For example, I've read a number of biographies of George Washington, who was actually a horrible general. Washington's early campaigns were disastrous, and the entire Revolutionary War was almost lost due to Washington's early miscalculations (for example, his first major battle was fought from a low, exposed position, so that the British forced a surrender by seizing the high ground).
But Washington was brave. He always rode with his soldiers into battle at the front of the line, even when there were waves of incoming cannon balls being hurled in his direction. (Because Washington was unusually tall for his day, that made him an easy target). Washington's courage - and his willingness to consistently fight on the front lines with his men - was one of the main factors in the success of the American Revolution.
The courage of the men at Valley Forge was also a turning point in the war. Slogging on through the dead of winter without shoes inspired a nation.
On the other hand, cowardice makes people stupid and docile.

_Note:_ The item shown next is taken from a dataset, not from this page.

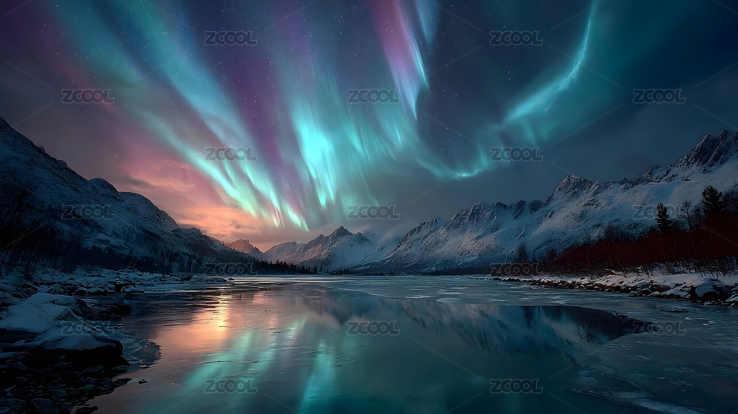 主视觉,商业,壁纸,背景,自然,极光,绚丽,雪山,湖泊,美景

Fear of Hurting the Big Banks Has Destroyed the Economy
The New York Times wrote in 2008:
“The rescue is being sold as a must-have emergency measure by an administration with a controversial record when it comes to asking Congress for special authority in time of duress.”***
Mr. Paulson has argued that the powers he seeks are necessary to chase away the wolf howling at the door: a potentially swift shredding of the American financial system. That would be catastrophic for everyone, he argues, not only banks, but also ordinary Americans who depend on their finances to buy homes and cars, and to pay for college.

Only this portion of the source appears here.